HE spent almost his entire working life teaching at the Malay College Kuala Kangsar (MCKK), building a devotion that was hard to surpass. And for that, Tan Gim Hoe was given a fitting tribute by the old boys of the school at their annual dinner in Kuala Lumpur last Saturday night.
What was even more heart-warming was that Tan’s story struck the right chord in the consciously volatile ethnic relations in the country today.
To put it bluntly, he is Chinese and his job posting for nearly 34 years right after the watershed May 13, 1969, racial riots until he retired in 2005, was at the all-male, all-Malay residential school. He didn’t mind it at all, and when his citation was read out by old boy Tan Sri Azman Mokhtar at the dinner, the applause was loud and clear.
His was yet another case of long-serving and selfless teachers to have left their marks in the MCKK classrooms, and they are mainly non-Malays. In fact, Chinese teachers made up almost 80 per cent of the teaching staff at the school in the 1960s and 1970s. Most have come to be remembered for their commitment till this day.

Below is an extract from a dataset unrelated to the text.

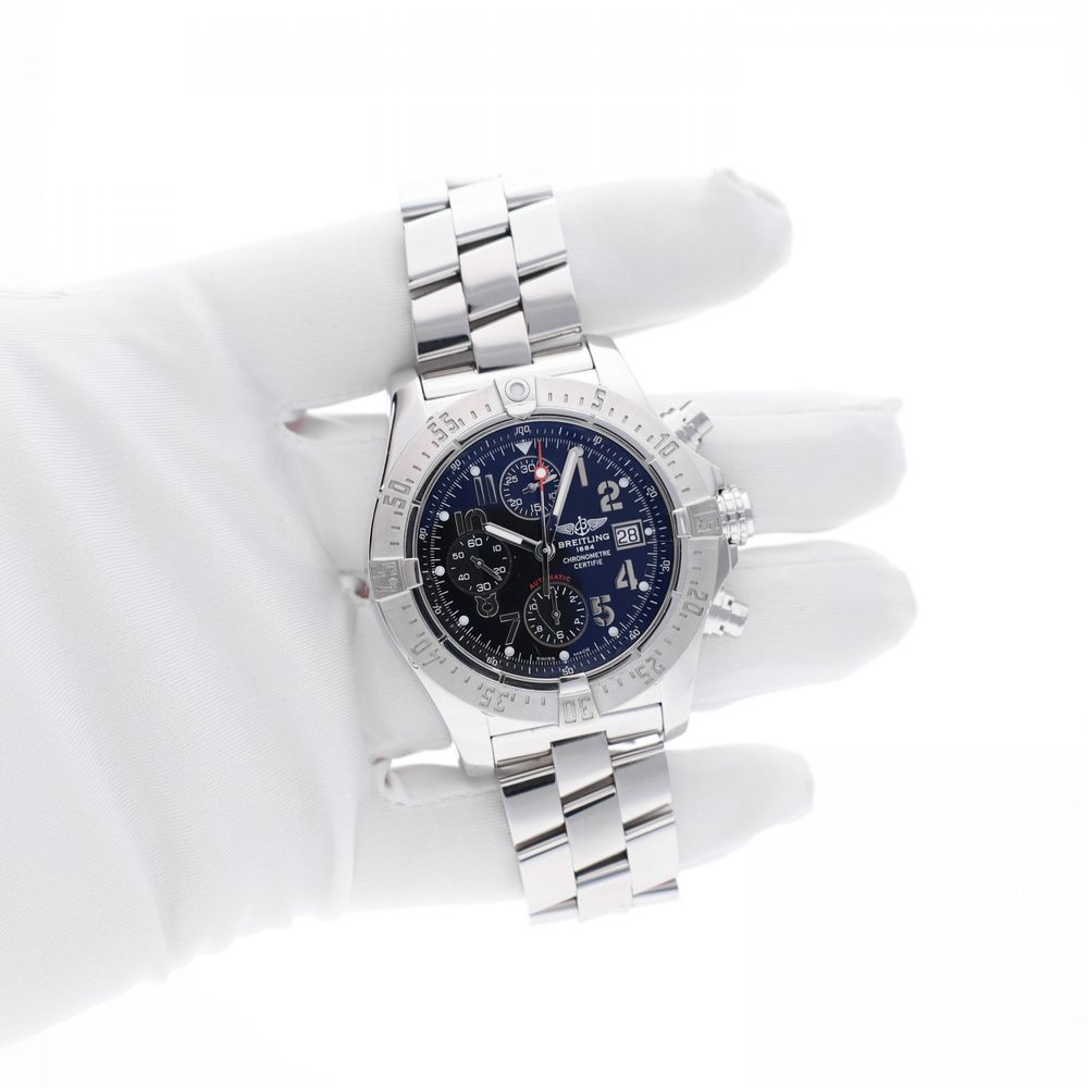 The Breitling Avenger Skyland A13380 is a robust and sturdy pilot’s chronograph from the professional Avenger line of Breitling. This model is known for its solid size, excellent readability, and reliability in all conditions.

A few years ago, Liew Yong Choon was given the same honour as he was a teacher who had given his all in coaching the school’s basketball team, which had become even better than most all-Chinese schools.

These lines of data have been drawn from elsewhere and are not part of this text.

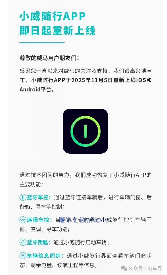 11月5日,威马汽车宣布“小威随行APP”重新启动,在iOS和Android平台同步上线,恢复了蓝牙车控、远程车控、蓝牙钥匙等核心功能,用户过往的账号及车辆信息也都得以保留。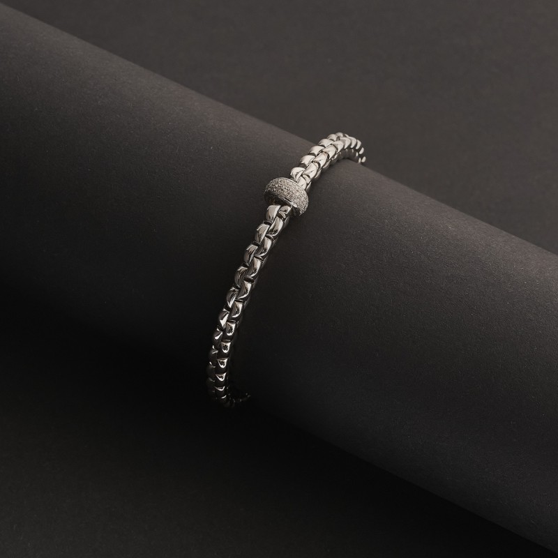 Bracciale in oro bianco 18kt con tecnologia Flex'it che ne permette il facile indosso grazie alle maglie elasticizzate.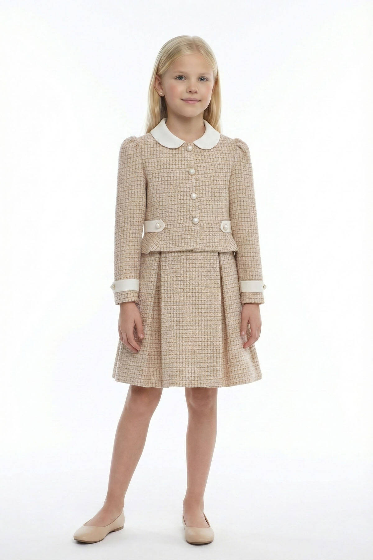 Chic, polished, and perfect for any special occasion—this elegant two-piece set brings timeless sophistication to girls' fashion. The sleeveless dress features a structured ivory bodice and a pleated tweed skirt for graceful movement and comfort. It’s paired with a coordinating tweed jacket detailed with a rounded ivory collar, pearl-accented buttons, and decorative pocket flaps.The textured fabric and thoughtful tailoring give a modern twist to a classic silhouette, making this ensemble ideal for celebrations, family gatherings, or elegant outings. A refined look that balances tradition and youthful charm.

Tan, now in his late 60s, was posted to MCKK in 1972, just after his stint at the teachers’ college, and taught Mathematics to Form One students. By that time, however, I was already in Form Six and my days at the residential school were coming to an end, so I did not really have the privilege to be his student.

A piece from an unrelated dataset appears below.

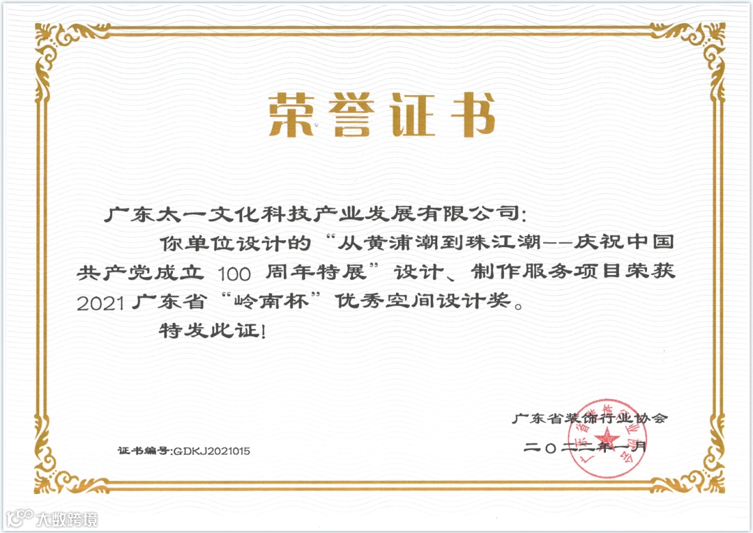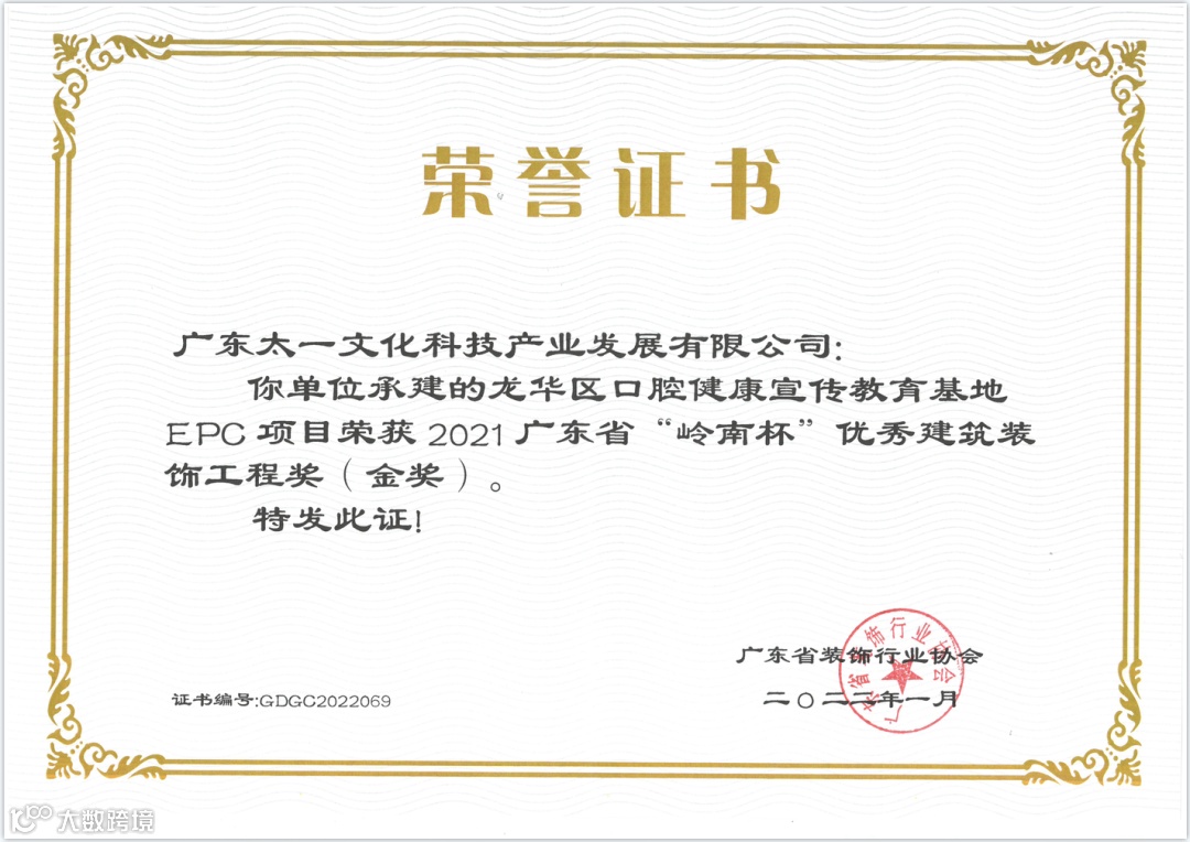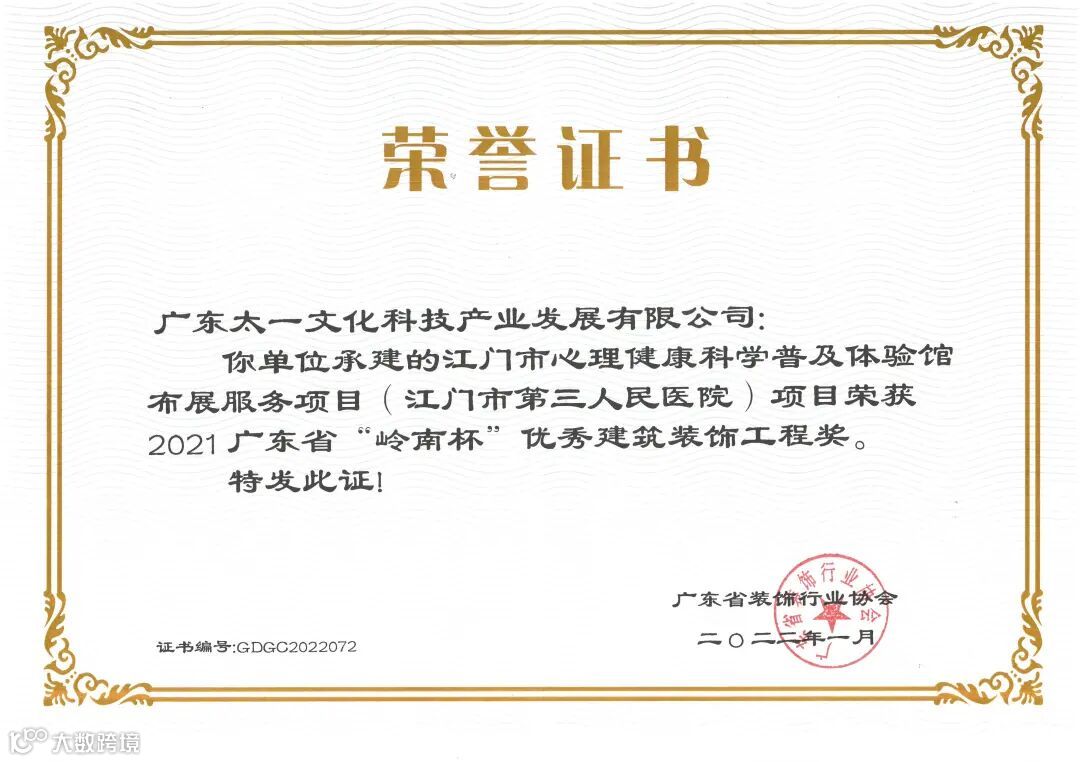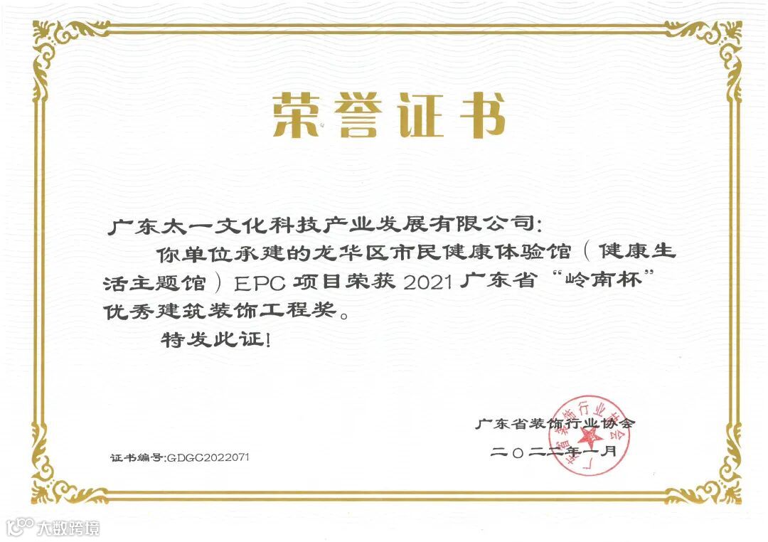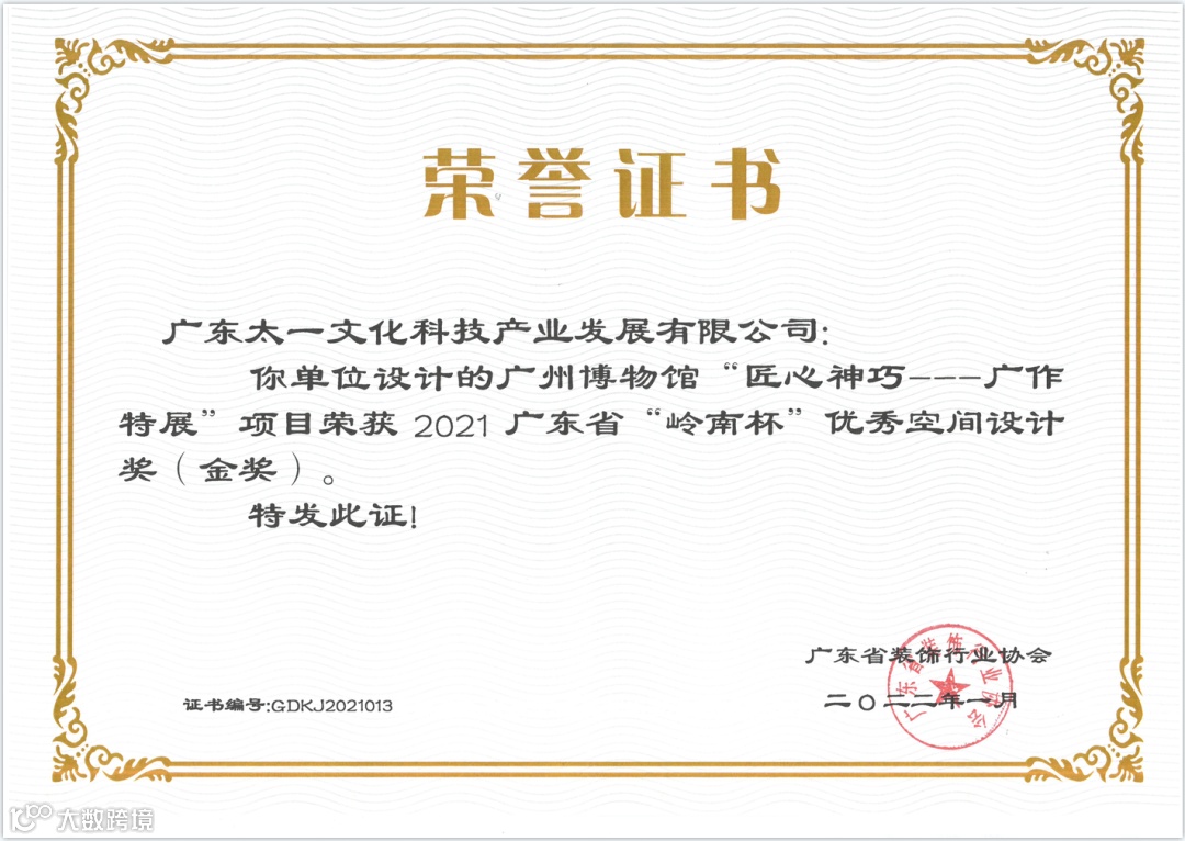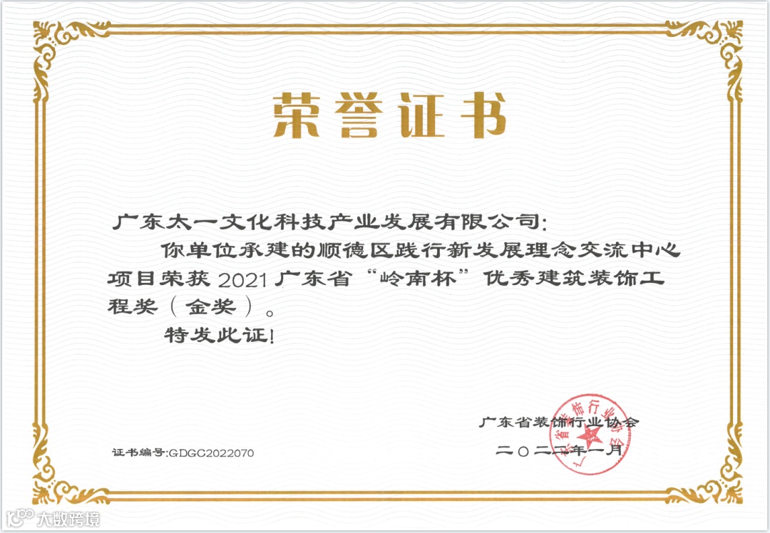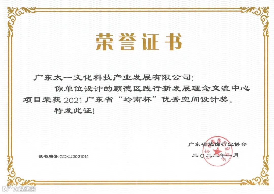 近日,广东省“岭南杯”2021年度优秀空间设计、优秀建筑装饰工程等奖项评选结果出炉。广东太一共有9个项目获得十大奖项,充分体现了我司的专业能力与企业实力。

But his reputation lasted beyond his years at the school as he built a cult following among his students.
Among other things mentioned in the citation: “Mr Tan would fret and do counselling to those weaker than best students’ performance and would readily do extra tuition class on his own time and initiative. During exam days, especially for the maths paper, Mr Tan would go to the dormitories and personally wake those boys still sleeping, perhaps out of exhaustion from their last- minute study the night before. He would also be the only teacher waiting outside the exam hall wishing and encouraging his students to do well in the maths paper.”
Indeed, school reunion dinners usually bring back a flood of memories that tug the heartstrings like the above tribute. Underneath the private jokes and immortalised stories about the mischief and recalling the days of having a solid love affair with spaghetti westerns and British pops, we have come to accept that those days are gone and will no longer return.
As my classmates and I grow older — some have left us for good — Saturday’s event came as a stark reminder that old teachers and old images are already in the distant past.
And next year for this group of us, it will be our 50th anniversary of entering MCKK as innocent pre-puberty Form One students. Apart from showing how old we have become, the thoughts of the past means that for all of us who entered Form One when Kuala Kangsar was reeling from one of its worst floods on the first week of January 1967, we have been friends for 50 years.
For students in a residential school where hostel life means inter-acting with each other day in and day out, it is a big achievement.
Syed Nadzri is a former NST group editor.